Thurstone published a paper on the law of comparative judgment in 1927. In this paper he introduced the underlying concept of a psychological continuum for a particular 'project in measurement' involving the comparison between a series of stimuli, such as weights and handwriting specimens, in pairs. He soon extended the domain of application of the law of comparative judgment to things that have no obvious physical counterpart, such as attitudes and values (Thurstone, 1929). For example, in one experiment, people compared statements about capital punishment to judge which of each pair expressed a stronger positive (or negative) attitude.

The essential idea behind Thurstone's process and model is that it can be used to scale a collection of stimuli based on simple comparisons between stimuli two at a time: that is, based on a series of pairwise comparisons.
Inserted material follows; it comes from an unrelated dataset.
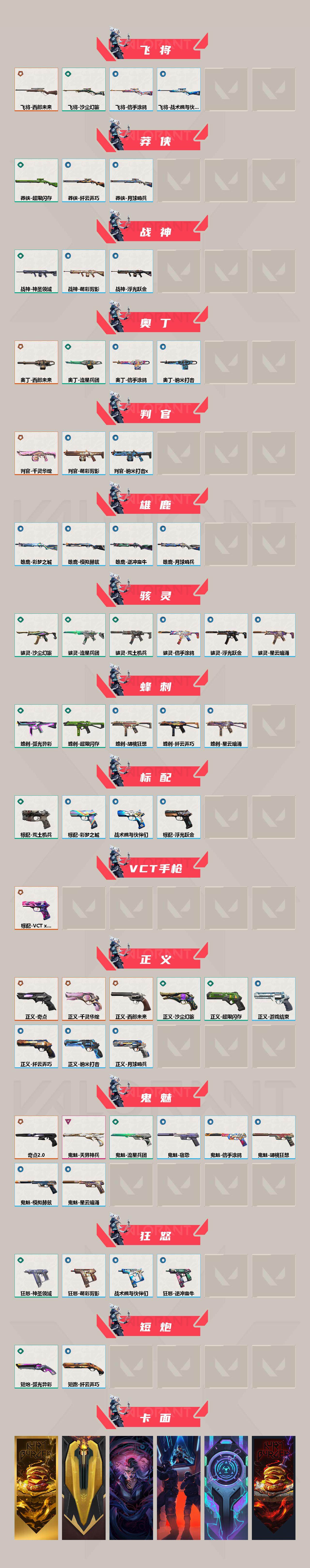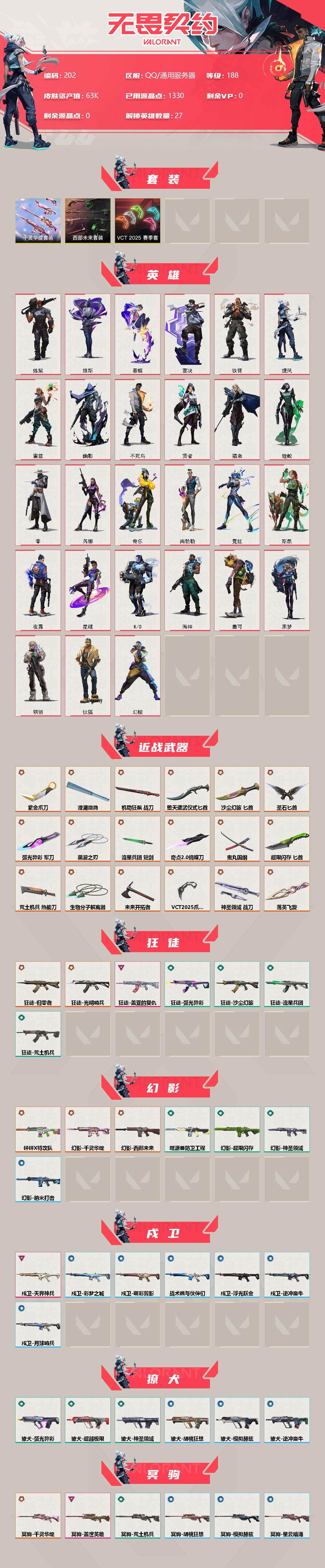 【202】【套装】:vct 2025 赛季套装,西部未来套装,千灵华绽套装 【英雄】:幻棱,炼狱,维斯,暮蝶,钛狐,壹决,铁臂,捷风,雷兹,幽影,不死鸟,贤者,猎枭,蝰蛇,零,芮娜,奇乐,尚勃勒,霓虹,斯凯,夜露,星礈,k/o,海神,盖可,黑梦,钢锁 【近战 武器】:近战武器-奇点//2.0 蝴蝶刀,近战武器-vct 2025 爪刀,近战武器-紫金爪刀,近战武器-黑波之刃,近战武器-落英飞旋,近战武器-澄湖潋滟,近战武器-鬼丸国纲,近战武器-未来开拓者,近战武器-流星兵团 短剑,近战武器-超限闪存 匕首,近战武器-堕天遗武 仪式匕首,近战武器-弧光异彩 军刀,近战武器-荒土机兵 热能刀,近战武器-机动狂飙 战刀,近战武器-沙尘幻旅 匕首,近战武器-生物分子解离器,近战武器-圣石匕首,近战武器-神圣领域 战刀 【狂徒】:狂徒-光明哨兵,狂徒-归零者,狂徒-盖亚的复仇,狂徒-弧光异彩,狂徒-荒土机兵,狂徒-流星兵团,狂徒-沙尘幻旅 【幻影】:幻影-砰砰x特攻队,幻影-千灵华绽,幻影-西部未来,幻影-超限闪存,幻影-噬源兽防卫工程,幻影-神圣领域,幻影-纳米打击,幻影-西部未来 【戍卫】:戍卫-天界神兵,戍卫-彩梦之城,戍卫-浮光跃金,戍卫-萌彩剪影,戍卫-逆冲蛮牛,戍卫-战术熊与伙伴们,戍卫-月球哨兵 【獠犬】:獠犬-弧光异彩,獠犬-神圣领域,獠犬-胡桃狂想,獠犬-模拟赫兹,獠犬-逆冲蛮牛 【冥驹】:冥驹-千灵华绽,冥驹-盖世英雄,冥驹-荒土机兵,冥驹-胡桃狂想,冥驹-模拟赫兹,冥驹-星云暗涌 【飞将】:飞将-西部未来,飞将-沙尘幻旅,飞将-信手涂鸦,飞将-战术熊与伙伴们 【莽侠】:莽侠-超限闪存,莽侠-纤云弄巧,莽侠-月球哨兵 【战神】:战神-神圣领域,战神-浮光跃金,战神-萌彩剪影 【奥丁】:奥丁-西部未来,奥丁-流星兵团,奥丁-纳米打击,奥丁-信手涂鸦 【判官】:判官-千灵华绽,判官-萌彩剪影,判官-纳米打击x 【雄鹿】:雄鹿-彩梦之城,雄鹿-模拟赫兹,雄鹿-逆冲蛮牛,雄鹿-月球哨兵 【骇灵】:骇灵-荒土机兵,骇灵-流星兵团,骇灵-沙尘幻旅,骇灵-浮光跃金,骇灵-信手涂鸦,骇灵-星云暗涌 【蜂刺】:蜂刺-超限闪存,蜂刺-弧光异彩,蜂刺-胡桃狂想,蜂刺-纤云弄巧,蜂刺-星云暗涌 【标配】:标配-荒土机兵,标配-彩梦之城,标配-浮光跃金,标配-战术熊与伙伴们 【vct手呛】:标配-vct x prx 【正义】:正义-奇点,正义-千灵华绽,正义-西部未来,正义-超限闪存,正义-沙尘幻旅,正义-纳米打击,正义-纤云弄巧,正义-游戏结束,正义-月球哨兵 【鬼魅】:鬼魅-奇点//2.0,鬼魅-天界神兵,鬼魅-流星兵团,鬼魅-胡桃狂想,鬼魅-模拟赫兹,鬼魅-宿怨,鬼魅-信手涂鸦,鬼魅-星云暗涌 【狂怒】:狂怒-神圣领域,狂怒-萌彩剪影,狂怒-逆冲蛮牛,狂怒-战术熊与伙伴们 【短炮】:短炮-弧光异彩,短炮-纤云弄巧 【卡面】:终章:激斗汉堡 卡面,进入射程 卡面,分崩离析 卡面,纳米打击 卡面,抑制技术 卡面,激斗汉堡 卡面,瓦娃脸雪糕 p2 卡面,从黄昏到黎明 卡面,荒土机兵 卡面,银弹猎手 卡面,逆冲蛮牛 卡面,《双城之战》拥抱 卡面,精灵大战 卡面,欢迎来到底城 卡面,南瓜盛典 卡面,唱片的故事 卡面,钢弓与箭弦 卡面,无畏契约:暮蝶 卡面,排除故障 卡面,战术桌游 卡面,悠享食光 卡面,修车达人 卡面,模拟赫兹 卡面,浮光跃金 卡面,超限闪存 卡面,维斯工牌 卡面,正义的化身 卡面,时间到 卡面,最高舞台 卡面,声感陷阱设计图 卡面,梦幻奶茶 卡面,终章:打造专属狂徒 卡面,趁热吃 卡面,西装暴徒 卡面,失控边缘 卡面,哨卫者之领域 卡面,无畏契约:尚勃勒 卡面,暮蝶工牌 卡面,战术熊与伙伴们 卡面,源能反应 卡面,流星兵团 卡面,纤云弄巧 卡面,暂别喧嚣 卡面,打造专属狂徒 卡面,零点嗅探设计图 卡面,沙雕爆能器 卡面,无畏契约go!第一卷:芮娜 卡面,清除名单 卡面,无畏契约go!第一卷:零 卡面,龍记 卡面,化茧成蝶 卡面,完美调谐 卡面 ,暗呛 卡面,终章:黑影先生的咖啡! 卡面,铁臂vs雷兹 卡面,纪念照 p2 卡面,一击全倒 卡面,黑影先生的咖啡! 卡面,天台狂欢 卡面,胡桃狂想 卡面,沙尘幻旅 卡面,壹决工牌 卡面,萌彩剪影 卡面,势不可挡//k/o 卡面,夯实根基 卡面,"luie" 卡面,热烈欢迎 卡面,铁臂设计图 卡面,代号红色 卡面,冰淇淋店 卡面,新兵报到 卡面,友军火力 卡面,v契约 卡面,无畏契约 卡面 【喷漆】:小小心意 喷漆,战“素”兔 喷漆,宇宙的指引 喷漆,请求重启 喷漆,逆冲蛮牛 喷漆,纳米打击 喷漆,鼻尖上的蝴蝶 喷漆,简笔画黯兽 喷漆,独守蝰腹 喷漆,他们将落荒而逃 喷漆,通缉:战术企鹅 喷漆,荒土机兵 喷漆,别挡我吃球! 喷漆,嗨宝南瓜灯 喷漆,嘭! 喷漆,都算到了 喷漆,控场勿近 喷漆,皮蛋呼呼 喷漆,像素星礈 喷漆,图谋不轨的零 喷漆,伤心心 喷漆,小丑猫 喷漆,模拟赫兹 喷漆,高丽风情小熊 喷漆,蹲到一个 喷漆,全力集中 喷漆,超限闪存 喷漆,rua一下 喷漆,熊抱 喷漆,高丽风情小虎 喷漆,记在小本本 喷漆,防弹企鹅 喷漆,高丽风情小蛙 喷漆,超级粉丝 喷漆,捷风差距 喷漆,惊声尖叫 喷漆,拼一呛 喷漆,加油!加油! 喷漆,开心到爆炸 喷漆,皮蛋萌舞 喷漆,我觉得不行 喷漆,头号粉丝 喷漆,致命优雅 喷漆,吸一口快乐 喷漆,永远的答案 喷漆,再来一次? 喷漆,别挡我的路! 喷漆,我的刀呢? 喷漆,当然可以 喷漆,流星兵团 喷漆,战术熊与伙伴们 喷漆,禁止喷漆 喷漆,纤云弄巧 喷漆,新潮流 喷漆,双击点赞 喷漆,买装还是存钱 喷漆,醒狮贺春 喷漆,旅行小熊 喷漆,蕊形灯 喷漆,这招不行了 喷漆,真相只有一个 喷漆,自信满满 喷漆,凌空惊

For example, suppose that someone wishes to measure the perceived weights of a series of five objects of varying masses. By having people compare the weights of the objects in pairs, data can be obtained and the law of comparative judgment applied to estimate scale values of the perceived weights. This is the perceptual counterpart to the physical weight of the objects. That is, the scale represents how heavy people perceive the objects to be based on the comparisons.

Although Thurstone referred to it as a law, as stated above, in terms of modern psychometric theory the 'law' of comparative judgment is more aptly described as a measurement model. It represents a general theoretical model which, applied in a particular empirical context, constitutes a scientific hypothesis regarding the outcomes of comparisons between some collection of objects. If data agree with the model, it is possible to produce a scale from the data.

===Relationships to pre-existing psychophysical theory===

Thurstone showed that in terms of his conceptual framework, Weber's law and the so-called Weber-Fechner law, which are sometimes (and misleadingly) regarded as one and the same, are independent, in the sense that one may be applicable but not the other to a given collection of experimental data. In particular, Thurstone showed that if Fechner's law applies and the discriminal dispersions associated with stimuli are constant (as in Case 5 of the LCJ outlined below), then Weber's law will also be verified. He considered that the Weber-Fechner law and the LCJ both involve a linear measurement on a psychological continuum whereas Weber's law does not.

Weber's law essentially states that how much people perceive physical stimulus intensity to change depends on that intensity. For example, if someone compares a light object of 1 kg with one slightly heavier, one notices a relatively small difference, perhaps when the second object is 1.2 kg. On the other hand, if someone compares a heavy object of 30 kg with a second, the second must be quite a bit larger for a person to notice the difference, perhaps when the second object is 36 kg. People tend to perceive differences that are proportional to the size rather than noticing a specific difference irrespective of the size. The same applies to brightness, pressure, warmth, loudness, and so on.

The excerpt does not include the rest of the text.